Obligation de transmettre le certificat de salaire des directeurs d’EMS

business-money-pink-coins.jpgLe 7 mai 2008, le Conseil d’Etat vaudois a adopté le règlement fixant les normes relatives à la comptabilité, au contrôle des comptes et à l’analyse des établissements médico-sociaux, des lits de type C des hôpitaux et des centre de traitement et de réadaptation, reconnus d’intérêt public, ainsi que des homes non médicalisés (RCCMS; RSV 830.31.1). Ce règlement s’applique notamment aux EMS reconnus d’intérêt public (art. 1 al. 1 let. a RCCMS). Le Service des assurances sociales et de l’hébergement (ci-après: le SASH) est l’autorité d’application du règlement (art. 3 RCCMS).

Le 26 avril 2017, le Conseil d’Etat a adopté un règlement modifiant le RCCMS. Ce règlement, publié dans la Feuille des avis officiels du 16 mai 2017, porte sur la modification de l’art. 7 RCCMS, et emporte comme modification que les établissements et les entités concernés doivent adresser sous pli séparé au chef du SASH le certificat de salaire du directeur, tel que fourni par l’administration cantonale des impôts (art. 7 al. 2 RCCMS).

Divers requérants demandent à la Cour constitutionnelle du Tribunal cantonal vaudois l’annulation de cette nouvelle disposition.

La Cour examine si l’obligation prévue par l’art. 7 al. 2 RCCMS de remettre au chef du SASH le certificat de salaire des directeurs et directrices des EMS porte atteinte à la sphère privée de ces personnes et, dans l’affirmative, si cette obligation repose sur une base légale suffisante, poursuit un but d’intérêt public et respecte le principe de la proportionnalité. Cette question sera examinée sous l’angle du droit fiscal et du droit du travail.

Le droit au respect de la sphère privée au sens de l’art. 13 al. 1 Cst., garantit notamment le droit de toute personne au respect de sa vie privée et familiale; il protège l’identité, les relations sociales et les comportements intimes de chaque personne physique, l’honneur et la réputation, ainsi que, notamment, toutes les informations se rapportant à une personne qui ne sont pas accessibles au public. L’art. 13 al. 2 Cst. détaille l’une des composantes de ce droit; il prémunit le citoyen contre l’emploi abusif de données qui le concernent et qui ne sont pas accessibles au public. Le Tribunal fédéral a laissé indécise la question de savoir si l’indication du revenu et de la fortune du contribuable, dans le cadre d’une audience publique qu’il a tenue, portait atteinte à la sphère privée du contribuable concerné (ATF 137 II 371 consid. 6. 1). Les garanties de l’art. 13 al. 2 Cst. sont concrétisées par la législation applicable en matière de protection des données (loi fédérale du 19 juin 1992 sur la protection des données (LPD; RS 325.1) ; loi vaudoise du 11 décembre 2007 sur la protection des données (LPrD; RSV 172.65)).
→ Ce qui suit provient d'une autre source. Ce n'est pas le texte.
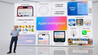 Tras casi dos años de espera, Apple finalmente se ha subido al tren de la inteligencia artificial (IA) generativa, con las grandes novedades que anunció el consejero delegado de la compañía, Tim Cook, en la presentación de su Conferencia Mundial de Desarrolladores (WWDC). En palabras del propio Cook al arrancar su intervención, “estoy emocionado con las nuevas y profundas capacidades que vamos a presentar, que esperamos que hagan a nuestros dispositivos más inteligentes y útiles que nunca”. Sin embargo, los detalles que dio más tarde Apple en la keynote y en su página web limitan y matizan el alcance de ese salto tecnológico, que solo estará al alcance de los actuales usuarios de iPhone que tengan uno de los dos modelos más potentes —el 15 Pro y el 15 Pro Max—, y que en 2024 solo llegarán a quien hable y escriba en inglés de EE UU.
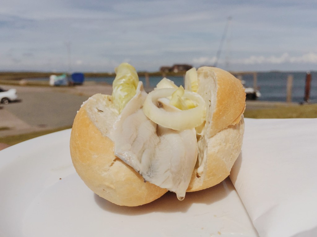 Enjoying Fischbrötchen during a good weather
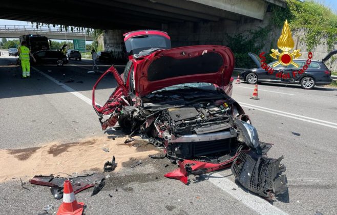 Sul posto i vigili del fuoco giunti dal comando provinciale di Vicenza, che hanno assistito la donna al volante della Peugeot e hanno proceduto alla messa in sicurezza di tutti i mezzi in strada e alla rimozione delle parti di carrozzeria staccatesi per le violenza degli urti tra le auto andate alcune distrutte ed altre fortemente danneggiate. I carabinieri hanno deviato il traffico ed eseguito i rilievi del sinistro.
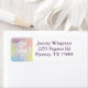 Bonito pegasus volando en una etiqueta de dirección de retorno.
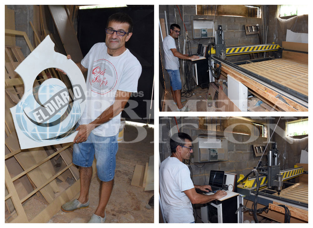 Una vez en suelo misionero, “intenté hacer un poco de herrería pero no es lo que yo buscaba. No es lo mismo trabajar en un barco, en una hélice, que hacer un portón. Y como me gustaba la carpintería, me dediqué hacer ese tipo de trabajos. Me fabriqué la máquina para hacer cortes, con computadora, y me dedico a eso (corte de placa, de letras, letra corpórea, dibujo)”.
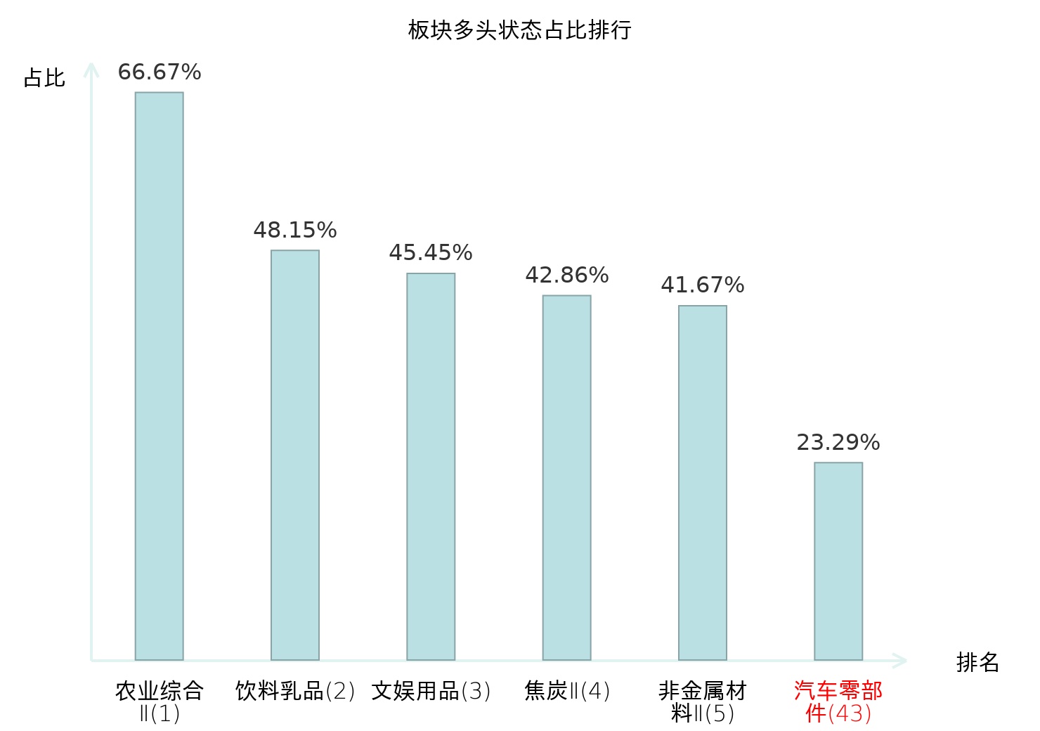 全市场所有行业板块中主力多头状态占比排名中,农业综合Ⅱ板块位居第一。特钢Ⅱ板块名次提升最快,较昨日上升46位。

Les déclarations d’impôt et leurs annexes sont établies sur des formulaires uniformes dans toute la Suisse (art. 71 al. 3 de la loi fédérale du 14 décembre 1990 sur l’harmonisation des impôts directs des cantons et des communes – LHID; RS 641.14). Parmi ces formulaires au sens de l’art. 71 al. 3 LHID figure le certificat de salaire, qui doit être établi par l’employeur à l’intention de l’employé contribuable, qui le remet à l’autorité de taxation (art. 125 al. 1 let. a LIFD, mis en relation avec l’art. 127 al. 1 let. a de la même loi; art. 175, 176 al. 1 et 177 al. 1 let. a LI). Ce formulaire indique le salaire brut, les prestations salariales accessoires, les prestations en capital, les droits de participation, les indemnités des membres de l’administration, les cotisations sociales, le salaire net, la retenue de l’impôt à la source et les allocations pour frais professionnels.
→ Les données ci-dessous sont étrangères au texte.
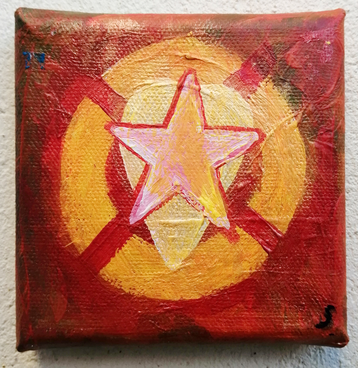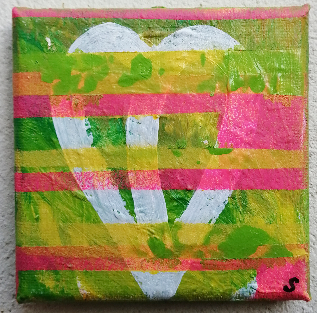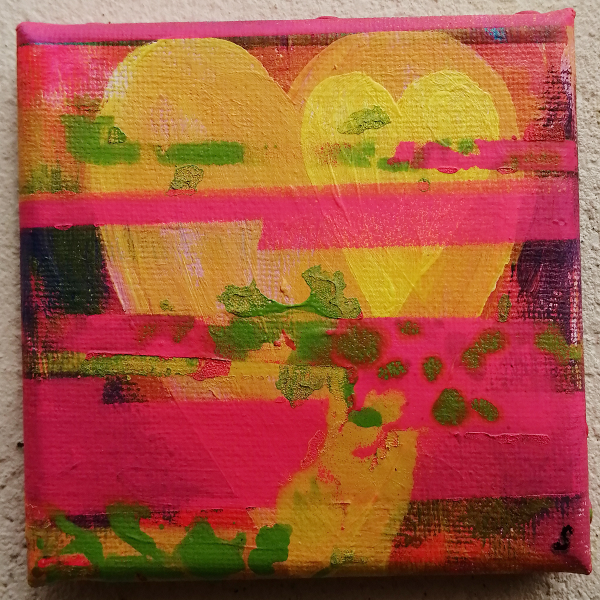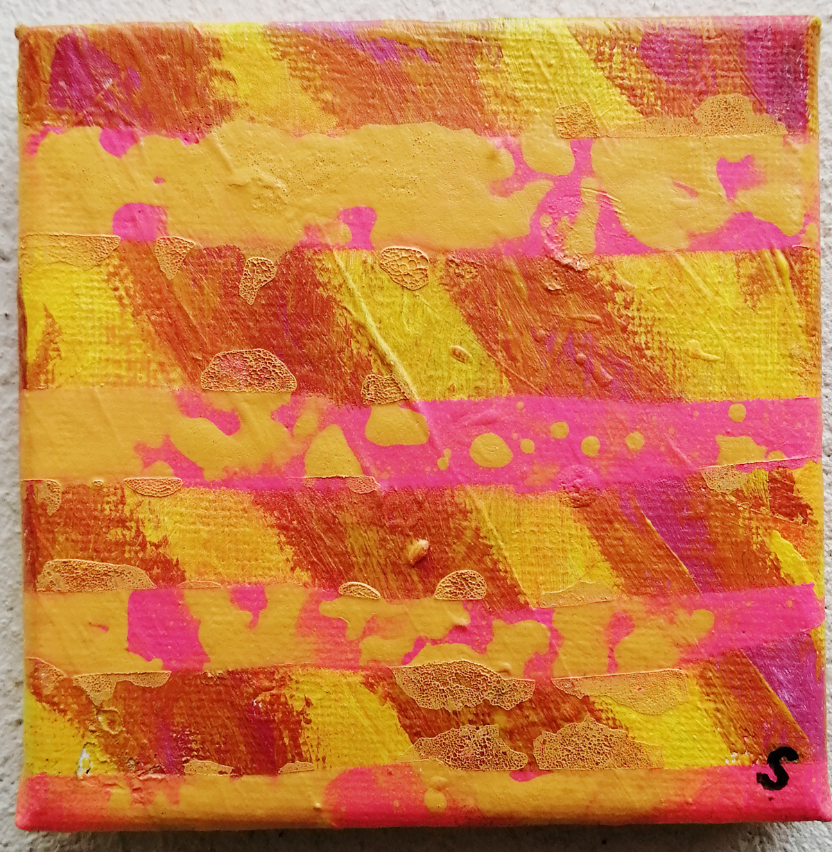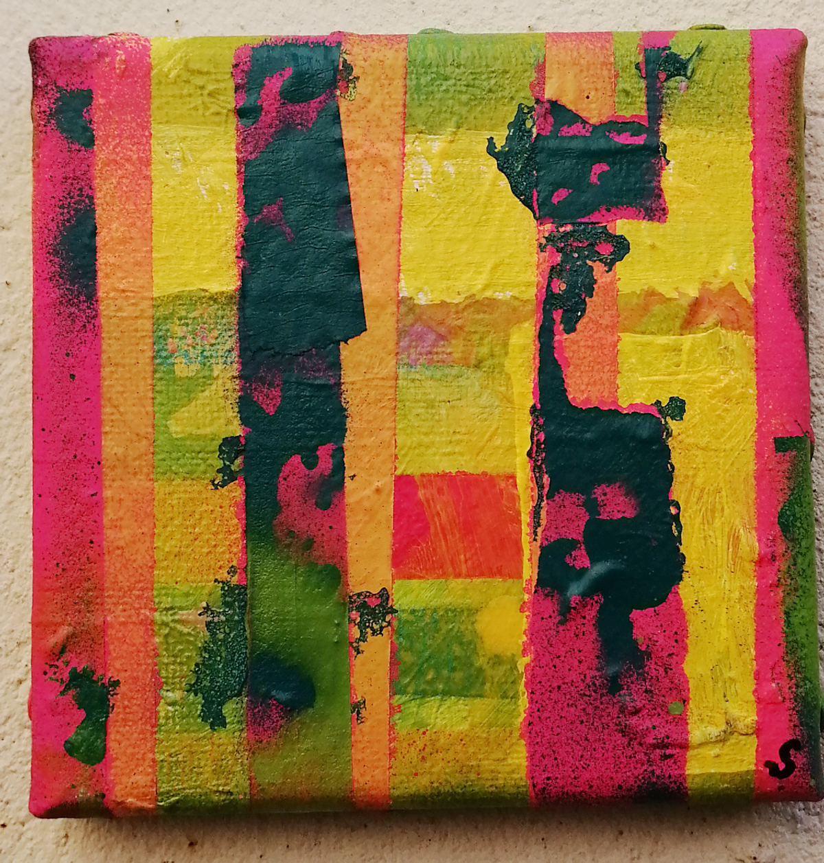 A still ongoing series of daily concluded paintings, a painting finished every single day, not started and finished, just one a day concluded. There are always a number of pieces in progress at any given time here in the studio. Always on a 10cm x 10cm x 1cm canvas. The daily series started in July 2020, who knows how long it will go on for? Always on a 10cm square canvas, always offered for sale at a price of £10, always Ten. The Ten paintings are generally available via the Cultivate shop or alternatively do ask, always good to ask, everything that is still for sale is either in the shop or not marked “sold” here, send a message if you want one that isn’t in the shop.
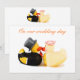 Patos de borracha de noiva e noivo beijando. Convite ou cartão de casamento fofo que pode ser personalizado com seu próprio texto, nomes, data e imagens.
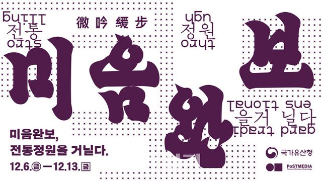 ‘미음완보’는 정극인(1401~1481)의 ‘상춘곡’(賞春曲) 속 글귀로 ‘나직이 읊조리며 천천히 걷다’라는 뜻이다. 단순히 정원을 감상하는 것을 넘어 자연과 교감하고 내면을 바라보는 심미적 과정을 담은 전시라는 점을 강조하고자 전시 제목에 포함했다고 국가유산청은 전했다.
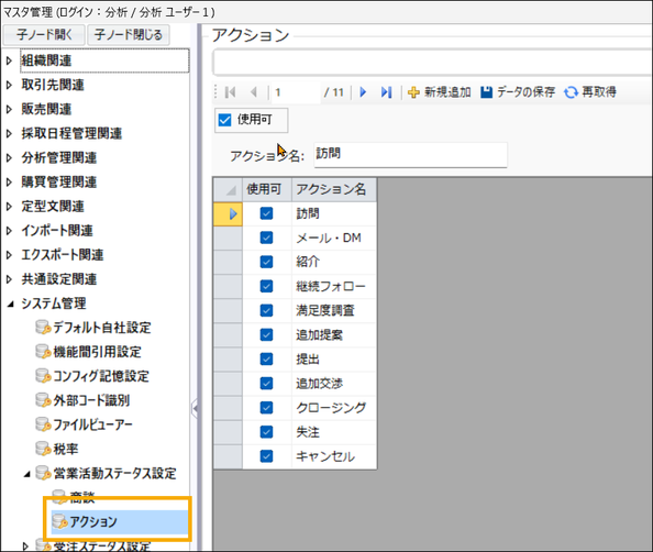 営業活動ステータス設定マスタ

Les personnes chargées de l’exécution de la législation fiscale sont tenus au secret, y compris les délibérations des autorités; elles refusent aux tiers la consultation des dossiers fiscaux; est réservée l’obligation de renseigner, dans la mesure où elle est prévue par une disposition légale fédérale ou cantonale (art. 39 al. 1 LHID, 110 LIFD, 157 LI). Par « personnes chargées de l’exécution de la législation fiscale », on entend toutes les personnes physiques et les autorités concourant, de près ou de loin, à quelque titre que ce soit, à la mise en œuvre de la loi fiscale. La violation du secret fiscal équivaut, pour son auteur, à une violation du secret de fonction au sens de l’art. 320 du Code pénal suisse (CP; RS 311.0. Sont couverts par le secret fiscal tous les faits portés à la connaissance de l’autorité de taxation (ou l’autorité de recours) dans l’exercice de leur fonction fiscale. Cela comprend les informations, renseignements, attestations et autres documents produits par le contribuable ou des tiers (qu’il s’agisse de personnes privées ou d’autres autorités) à l’intention des autorités fiscales, notamment dans la procédure de taxation.
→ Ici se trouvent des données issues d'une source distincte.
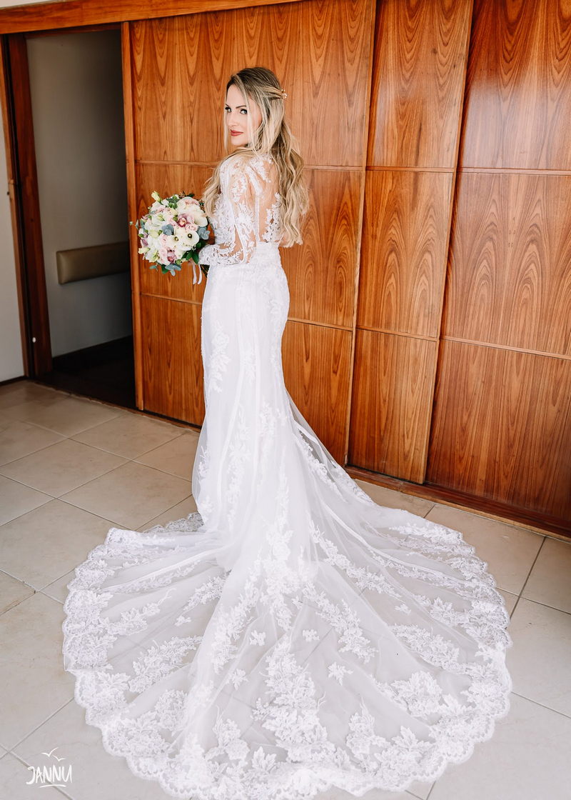 A Paula optou por um belíssimo vestido de noiva La Modelista. Um modelo todo trabalhado na mais delicada renda, com decote frontal perfeito e detalhes em transparência encantador. O vestido maravilhoso foi complementado pela linda maquiagem da talentosa @talita_dias, amamos todo o look.
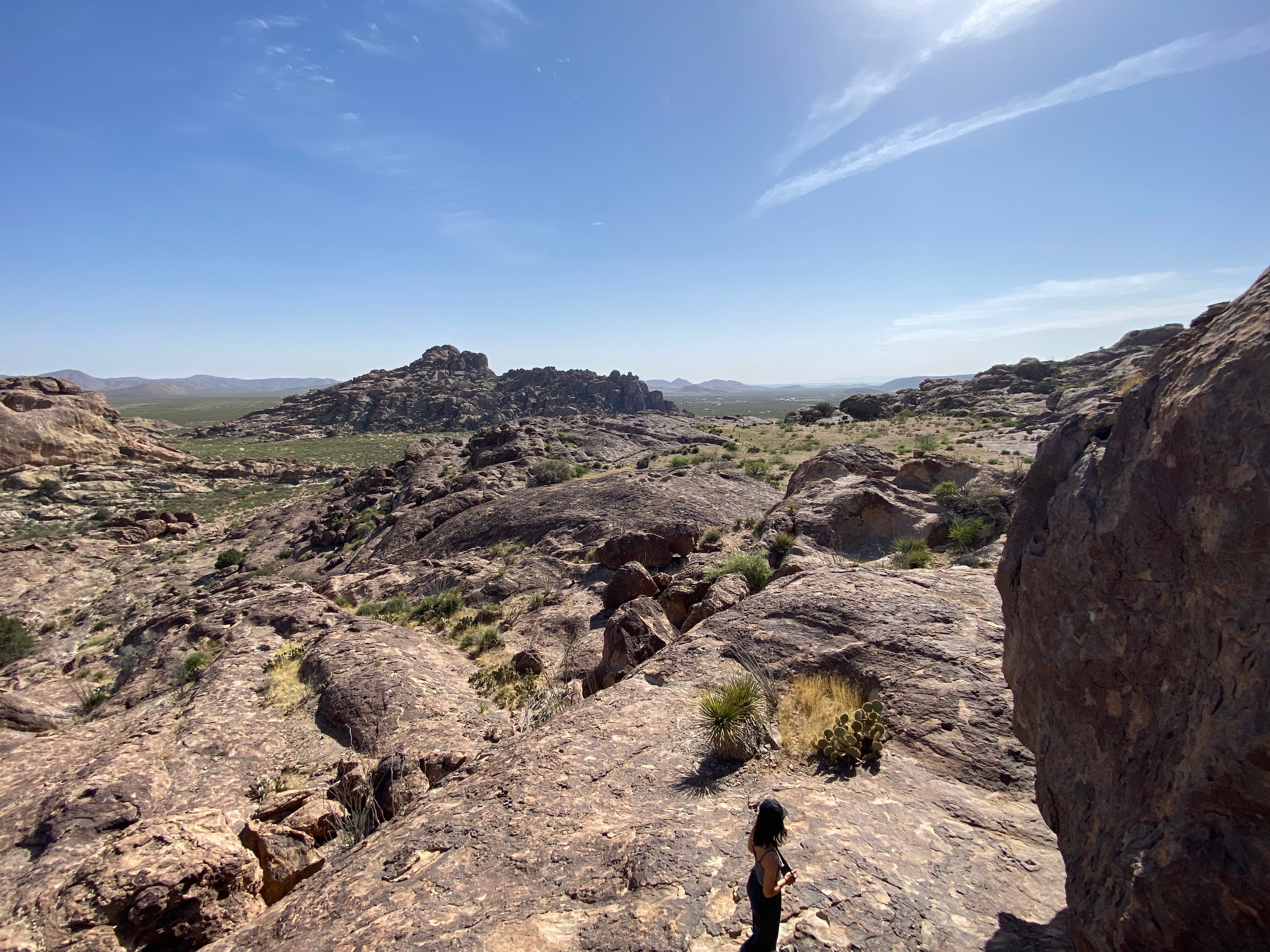 first we checked out Hueco Tanks state park in texas - we didn’t really know what it was, except that Paloma’s coworker said we had to go. turns out it is a beautiful desert oasis! “hueco” is spanish for hollow, and the rocks here have “huecos” that hold water. this attracted people and animals early on, and you can see the pictographs from ancient visitors on some of the rock faces. the rock faces here are also pockmarked with holes, and it is a world-class destination for bouldering - we saw several groups out with their crash pads. most of the park is only accessible via guided tour, but we had fun hiking and climbing around on the North Mountain.
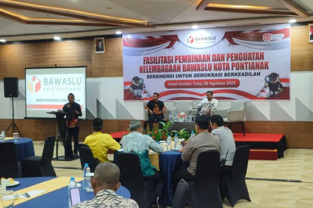 Pontianak (ANTARA) - Badan Pengawas Pemilu (Bawaslu) Kota Pontianak menyelenggarakan kegiatan fasilitas pembinaan dan penguatan kelembagaan dengan tema bersinergi untuk demokrasi berkeadilan” pada Kamis (28/8/2025).
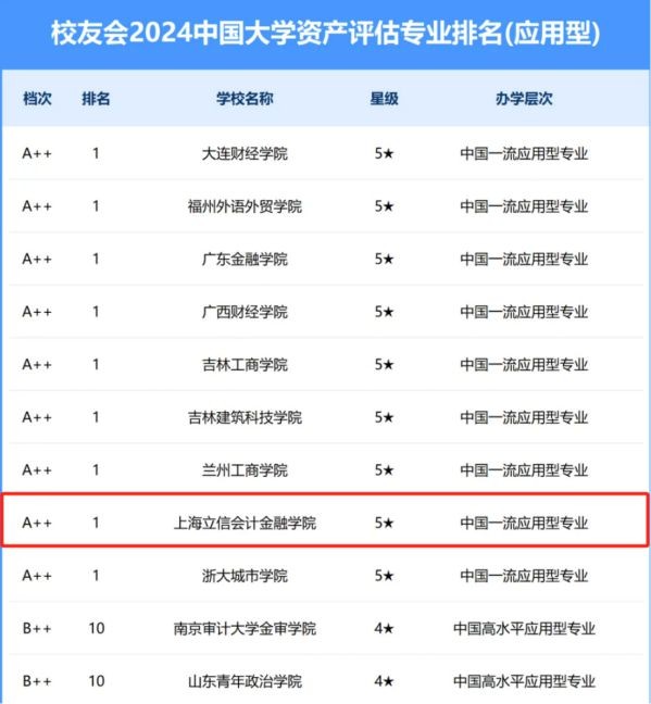 资产评估专业获评五星级应用型专业(5★,A++);入围中国一流应用型专业行列;位列校友会2024中国大学资产评估专业排名(应用型)首位。

Le certificat de salaire, comme annexe à la déclaration d’impôt, entre dans le cercle des données protégées par le secret fiscal. Le Département ne pourrait en exiger la remise, par l’Administration cantonale des impôts, que si une loi formelle l’autorisait expressément. Or tel n’est pas le cas. L’obstacle de ce secret est la raison pour laquelle l’art. 7 al. 2 RCCMS ne prévoit pas que l’autorité fiscale remet le certificat de salaire des contribuables au Département, mais impose cette obligation à l’employeur des directeurs et directrices des EMS privés reconnus d’intérêt public.

Selon l’art. 328 du Code des obligations (CO; RS 220), l’employeur protège et respecte, dans les rapports de travail, la personnalité du travailleur. Le salaire constitue un élément de la personnalité des employés dont la confidentialité est protégée par l’art. 328 CO. En vertu de l’art. 328b CO, l’employeur ne peut traiter des données concernant le travailleur que dans la mesure où ces données portent sur les aptitudes du travailleur à remplir son emploi ou sont nécessaires à l’exécution de son contrat de travail. En outre, les dispositions de la loi fédérale sur la protection des données sont applicables.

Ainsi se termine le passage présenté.